START Input records

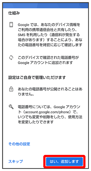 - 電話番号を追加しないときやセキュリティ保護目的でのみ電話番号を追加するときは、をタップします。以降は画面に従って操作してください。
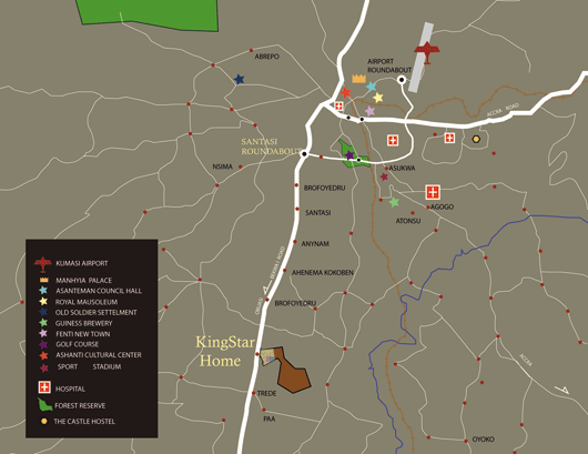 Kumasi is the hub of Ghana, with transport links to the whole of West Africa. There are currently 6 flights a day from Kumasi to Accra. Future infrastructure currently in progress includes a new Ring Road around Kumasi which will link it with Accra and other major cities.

END Input records
START Input records

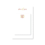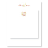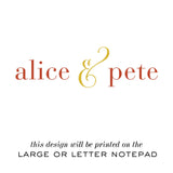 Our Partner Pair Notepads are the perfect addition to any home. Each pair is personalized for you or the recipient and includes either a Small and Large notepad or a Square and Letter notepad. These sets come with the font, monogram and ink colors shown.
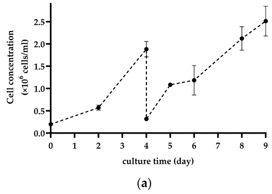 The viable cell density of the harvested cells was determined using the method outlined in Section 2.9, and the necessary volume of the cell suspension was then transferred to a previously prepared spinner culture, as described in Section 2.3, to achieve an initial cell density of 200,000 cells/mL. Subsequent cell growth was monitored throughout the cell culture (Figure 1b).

END Input records
START Input records

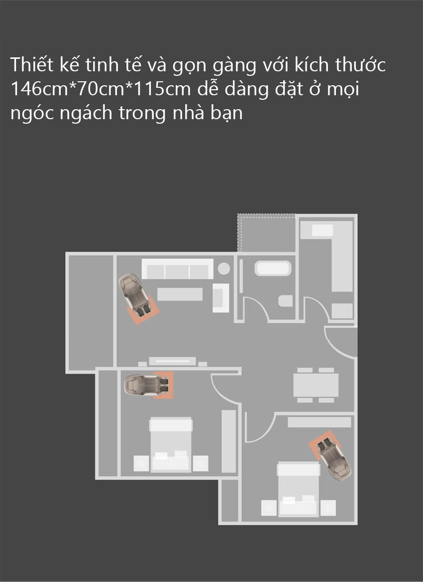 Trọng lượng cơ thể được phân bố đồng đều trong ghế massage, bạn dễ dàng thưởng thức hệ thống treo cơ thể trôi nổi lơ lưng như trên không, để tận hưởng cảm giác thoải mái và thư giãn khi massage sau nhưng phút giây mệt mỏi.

END Input records

Would you set down only the lines above from the line with "- 電話番号を追加しないとき" to the line with "Kumasi is the", both included, exactly as they stand and without the pictures?

Response to the exercise >>
 - 電話番号を追加しないときやセキュリティ保護目的でのみ電話番号を追加するときは、をタップします。以降は画面に従って操作してください。
 Kumasi is the hub of Ghana, with transport links to the whole of West Africa. There are currently 6 flights a day from Kumasi to Accra. Future infrastructure currently in progress includes a new Ring Road around Kumasi which will link it with Accra and other major cities.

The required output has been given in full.